The deal paid off right away for the Reds, who got themselves a fiery leadoff hitter who helped drive them to the National League pennant in 1939 and the World Series title the following year. "Cincinnati was unique," he says. "I hadn't been there too long before the doorbell rang. It was the personnel director of the Kroger grocery and baking company, big outfit. He came in—had a big basket full of champagne and wine, a pineapple, bananas, apples, oranges —and he said, 'We admire the way you put hustle into this ballclub.' Well, I had put hustle into the ballclub. That was fun."

But by 1941 his career was clearly on the decline, brought on by a painful, surgically repaired big toe he'd broken years before when he kicked a water bucket in the dugout. "I had an ugly disposition," he says. (The website baseballreference.com, which highlights similar players across eras, compares Werber to a hard-nosed star of the 1990s, Lenny "Nails" Dykstra, among others.)

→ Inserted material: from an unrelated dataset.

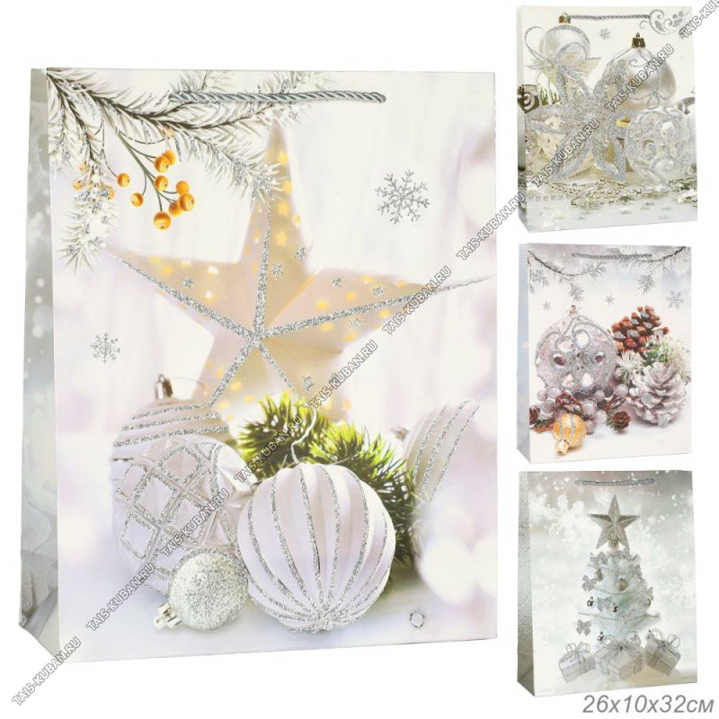 Пакет бумажный (h32х26см) "Серебристый Новый Год" (12)

After eleven seasons, Werber quit the game, a .271 career hitter with 271 doubles, 539 runs batted in, and 215 steals. In the fall of 1942, he joined his father in the insurance business in Berwyn, Maryland, outside Washington, where he was an overnight success. "The most I ever made playing baseball was $13,500, plus World Series checks, but the first year I was in business, I made over $100,000," he says. "That was $20,000 more than Babe Ruth ever made playing baseball."

Lunch is over now, so he takes the elevator down one floor and rolls through the hallway to his one-bedroom apartment. It's decorated with photos of friends and family, children and grandchildren, and on a side table, there's a scrapbook filled with birthday cards and messages. Many of them reflect Werber's nearly lifelong link to Duke. (He was pleased to get a birthday phone call from Mike Krzyzewski, who also had four basketball shirts delivered as a gift.) Former athletics director Tom Butters' name had come up in conversation, and Werber plucks out the card Butters sent. Butters wrote, in part: "Bill Werber is the most principled man I have ever known. He has stood behind those principles for nearly a century. While I have not always agreed with him, I have always respected him, and do to this day. I would put my life on the line for this man."

Werber is visibly moved by the words. But after a moment, he brightens—time for another story. "Tom Butters was late for an appointment with me once," he says. "The [donation] check that I'd been prepared to write for him was pretty substantial for those times. But he showed up an hour or two late, and I refused to talk to him. I sent him on his way. He didn't like that much.

"Later I heard he was talking to somebody who told him they were going to go see Bill Werber, and Butters said, 'For chrissakes, don't be late!' "

Werber laughs a long time about this one. Principles never get old.